What needs reproducing is the run of lines in the data below starting at the line with "发型师是帮助用户预览各种发型" and ending at the line with "生活科の学習をいかして、秋の", both ends included. Copy it exactly, without pictures, and add nothing.

Stored data
______

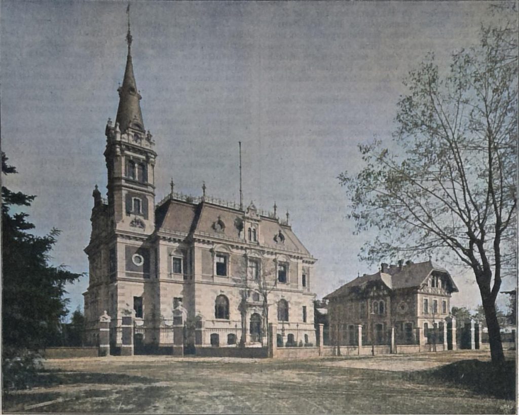 Architektur und Ausführung: Heinr. Schild in Breslau. In der Villenstadt Kleinburg bei Breslau, der durch den kürzlich in ihrer unmittelbaren Nähe angelegten Südpark weiteres Aufblühen in Aussicht steht, hat sich der jetzige Inhaber der Firma Conrad Kissling in den Jahren 1894/95 die hier dargestellte Villa bauen lassen. Der Bauplatz ist 4 Morgen gross; auf seinem westlichen Theil stehen die Gebäude; nach Osten, der Morgensonne ungehindert Einlass gewährend, dehnt sich der von dem Garten-Ingenieur A. Menzel geschickt angelegte Garten bis zur Grenze des Bauplatzes, bis zur Platanen-Allee aus.
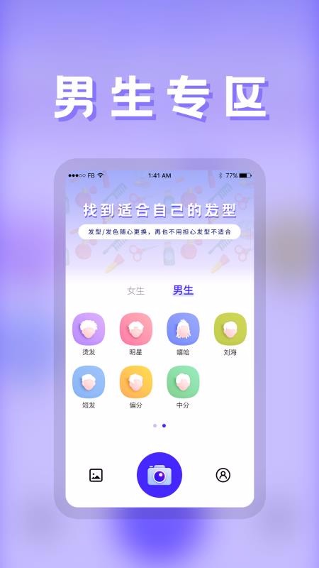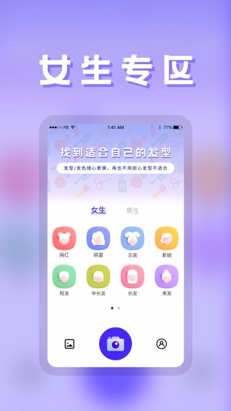发型师是帮助用户预览各种发型的app,可以在该平台中上传自己的个人正脸照片,并选择合适的发型进行调整,让你轻松体验各种风格的发型;选择女生或男生即可查看提供的发型分类,比如在女生专区中包含网红、明星、古装、短发、中长发等,而在男生专区中可以查看烫发、嘻哈、刘海、中分等;拍照或上传照片之后可以进行图片调整,比如美白、编辑、裁剪等,完成之后即可进入下一步;任意的选择发型或发色进行设置,还可以放大图片调节细节,让发型更加紧贴皮肤;一键即可将设置的照片保存在本地,还可以分享该好友查看。
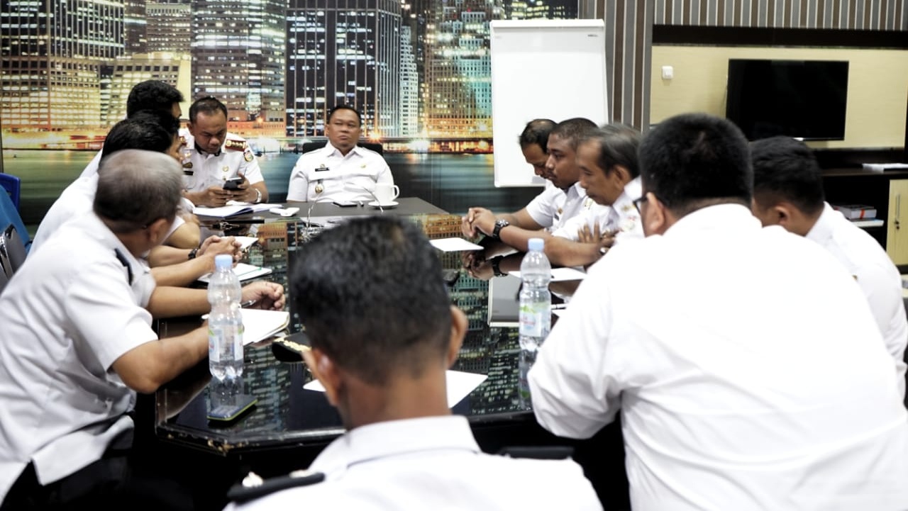 WAHANA INFOTA – Camat Tamalate Fahyuddin Yusuf didampingi sekcamnya Muh Darwis Syar menggelar Rapat Koordinasi (Rakoor) bersama para lurah diruang rapat kantor camat Tamalate jalan Danau Tanjung Bunga Utara Makassar, Rabu (6/2/19).
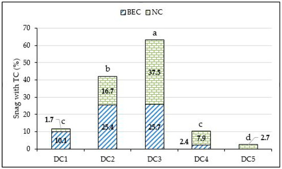 Results showed that the highest frequency of snags with TC was in DC3 followed by DC2 > DC1 > DC4 > DC5 (Figure 6). More than 60% of DC3 snags and about 42% of DC2 snags had TC, while 11.8% of DC1 snags and 10.3% of DC4 snags had TC, and only 2.7% of DC5 snags had TC. The results showed that in the snags with less decay intensity (DC1 and DC2) the frequency of BEC was higher than the frequency of NC, while in the snags with more decay intensity (DC3 and DC4), the frequency of NC was higher than the frequency of BEC, so that in very decayed snags (DC5) BEC was not found.
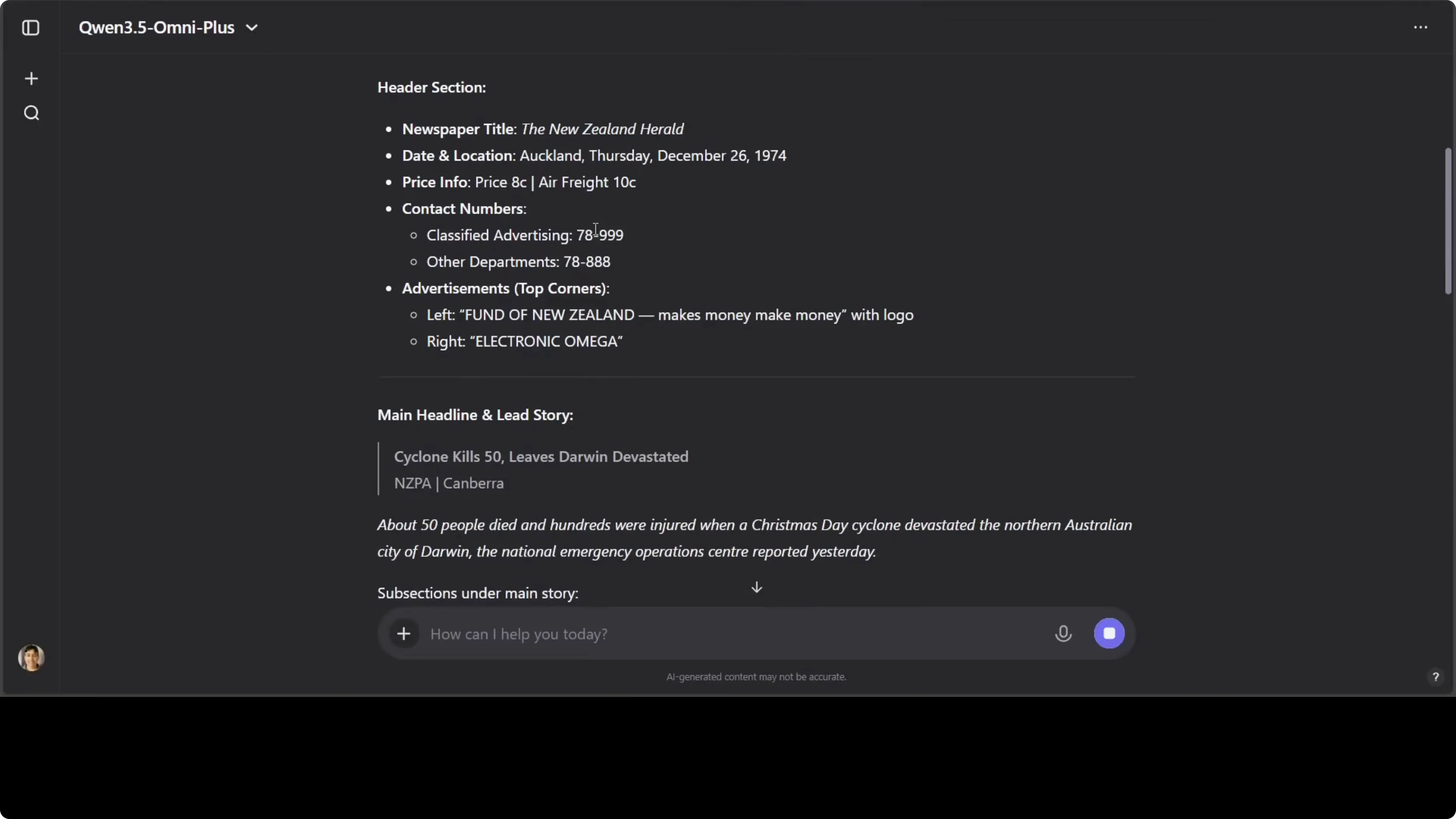 I tested OCR on an old archive newspaper scan from the New Zealand Herald that covered a cyclone in the 1970s affecting Darwin in Australia’s Northern Territory. The model correctly identified headers, contact numbers, ads, the main headline, subsections, and photo captions, and it extracted a lot of body text. It also produced a concise one-paragraph summary that read cleanly.
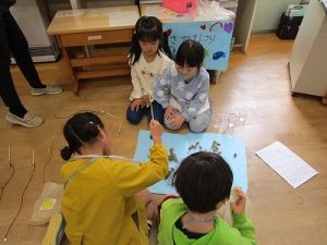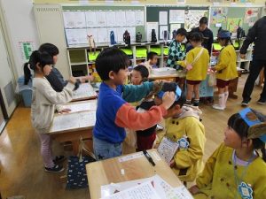 生活科の学習をいかして、秋の自然をテーマにした「あきまつり」を開催しました。どんぐりや葉っぱなど、秋の素材を使って、子どもたちが工夫を凝らした屋台が並びました。ジャンケンゲームでどんぐりのネックレスをもらったり、葉っぱに絵を描いて王冠にしたり、どんぐり釣りやコマ回し、まつぼっくりのけん玉、どんぐり迷路など、楽しい遊びが盛りだくさん!今回は、幼稚園のひまわり組さんをご招待し、1年生が少しお兄さん・お姉さんになって優しく声をかけたり、困っている子を手助けしたりと、心温まる交流の時間となりました。ひまわり組さんも、たくさんのお店を回って、笑顔いっぱいで楽しんでくれました。秋の自然に触れながら、みんなですてきな思い出を作ることができました。
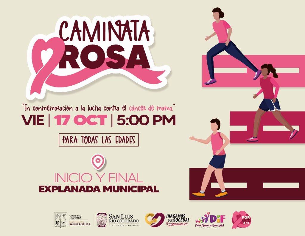 San Luis RÃo Colorado, Sonora (Octubre 13 de 2025).- En el marco de la conmemoraciÃn de la lucha contra el cÃncer de mama, DIF Municipal extendià la invitaciÃn a la comunidad para sumarse a la Caminata Rosa âPor Amor a tu Saludâ, que se llevarà a cabo el prÃximo viernes 17 de octubre a las 5:00 de la tarde.
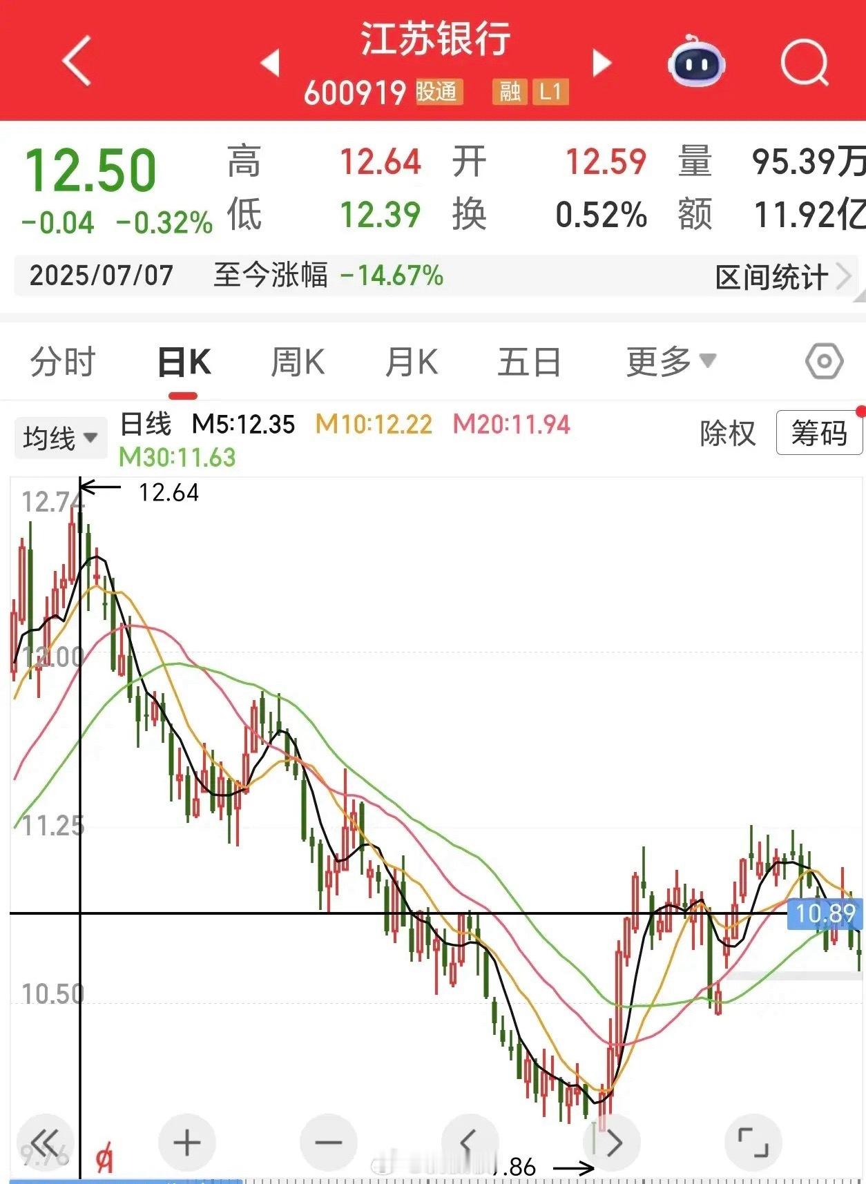 浅谈:江苏银行目前股价10.7元,高位至今下跌14%,今年以来上涨14%。不良贷款率0.84%,净息差1.52%,净资产收益率11.90%,拨备覆盖率322.62%,核心一级资本充足率8.61%,静态股息率4.86%,动态股息率5.22%。要是股息率到了5.5%还是可以考虑的,动态目前还不到,要么就是多拿一年分红降低成本。
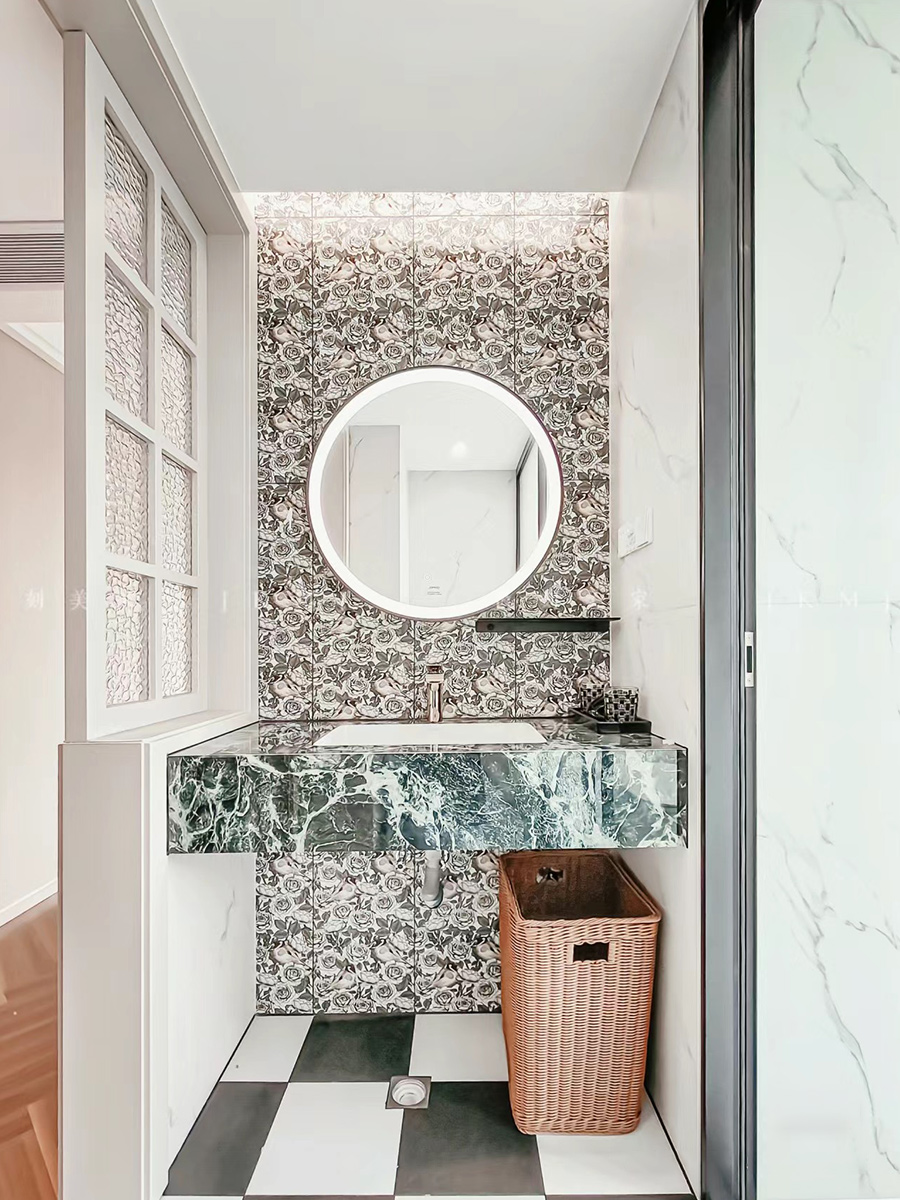 浴室柜大面積運(yùn)用花磚,造型吸睛,讓人眼前一亮
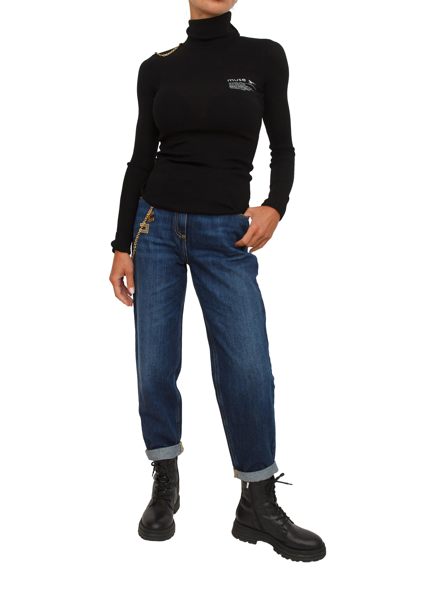 Maglia Elisabetta Franchi a collo alto con vestibilità aderente. Ideale come sottogiacca, collo dolcevita con apertura laterale e bottoni dorati e maniche lunghe con risvolto. Impreziosita dalla stampa lettering davanti e dal dettaglio in catena sulla spalla. La modella è alta 1.72 e indossa la taglia 40.
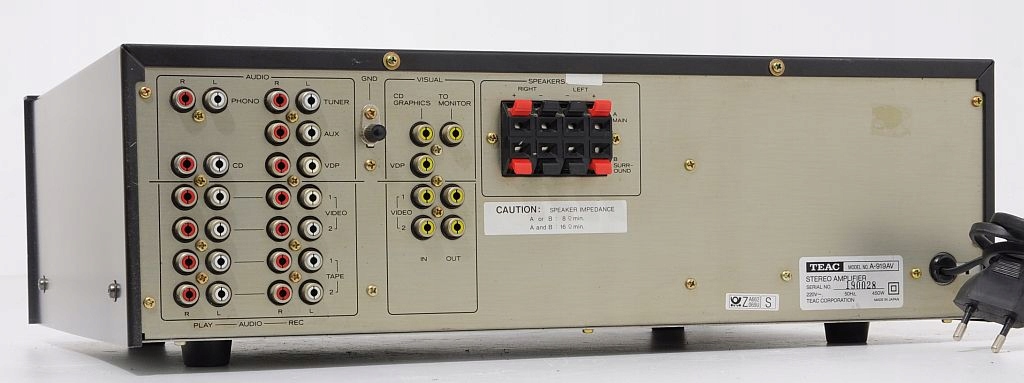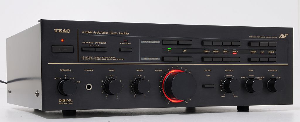 TEAC A-919AV to flagowy wzmacniacz zintegrowany audio-video z drugiej połowy lat 80., zaprojektowany w okresie, gdy japońscy producenci hi-fi stawiali na najwyższą jakość wykonania i dźwięku. To model, który łączy w sobie solidność konstrukcji, wysoką moc wyjściową i muzykalne brzmienie – cenione do dziś przez miłośników klasycznego sprzętu stereo.
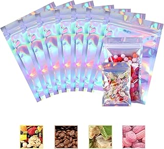 100パック 再密封可能 匂い防止バッグ ホイルジップロックバッグ アルミホイルバッグ フラットメタリックマイラーホイルフラット食品ストレージポーチ ホログラフィックレインボーカラー(100個、12 x 20 cm / 4.7 x 7.9インチ)

______

[RESPONSE]
发型师是帮助用户预览各种发型的app,可以在该平台中上传自己的个人正脸照片,并选择合适的发型进行调整,让你轻松体验各种风格的发型;选择女生或男生即可查看提供的发型分类,比如在女生专区中包含网红、明星、古装、短发、中长发等,而在男生专区中可以查看烫发、嘻哈、刘海、中分等;拍照或上传照片之后可以进行图片调整,比如美白、编辑、裁剪等,完成之后即可进入下一步;任意的选择发型或发色进行设置,还可以放大图片调节细节,让发型更加紧贴皮肤;一键即可将设置的照片保存在本地,还可以分享该好友查看。
 WAHANA INFOTA – Camat Tamalate Fahyuddin Yusuf didampingi sekcamnya Muh Darwis Syar menggelar Rapat Koordinasi (Rakoor) bersama para lurah diruang rapat kantor camat Tamalate jalan Danau Tanjung Bunga Utara Makassar, Rabu (6/2/19).
 Results showed that the highest frequency of snags with TC was in DC3 followed by DC2 > DC1 > DC4 > DC5 (Figure 6). More than 60% of DC3 snags and about 42% of DC2 snags had TC, while 11.8% of DC1 snags and 10.3% of DC4 snags had TC, and only 2.7% of DC5 snags had TC. The results showed that in the snags with less decay intensity (DC1 and DC2) the frequency of BEC was higher than the frequency of NC, while in the snags with more decay intensity (DC3 and DC4), the frequency of NC was higher than the frequency of BEC, so that in very decayed snags (DC5) BEC was not found.
 I tested OCR on an old archive newspaper scan from the New Zealand Herald that covered a cyclone in the 1970s affecting Darwin in Australia’s Northern Territory. The model correctly identified headers, contact numbers, ads, the main headline, subsections, and photo captions, and it extracted a lot of body text. It also produced a concise one-paragraph summary that read cleanly.
 生活科の学習をいかして、秋の自然をテーマにした「あきまつり」を開催しました。どんぐりや葉っぱなど、秋の素材を使って、子どもたちが工夫を凝らした屋台が並びました。ジャンケンゲームでどんぐりのネックレスをもらったり、葉っぱに絵を描いて王冠にしたり、どんぐり釣りやコマ回し、まつぼっくりのけん玉、どんぐり迷路など、楽しい遊びが盛りだくさん!今回は、幼稚園のひまわり組さんをご招待し、1年生が少しお兄さん・お姉さんになって優しく声をかけたり、困っている子を手助けしたりと、心温まる交流の時間となりました。ひまわり組さんも、たくさんのお店を回って、笑顔いっぱいで楽しんでくれました。秋の自然に触れながら、みんなですてきな思い出を作ることができました。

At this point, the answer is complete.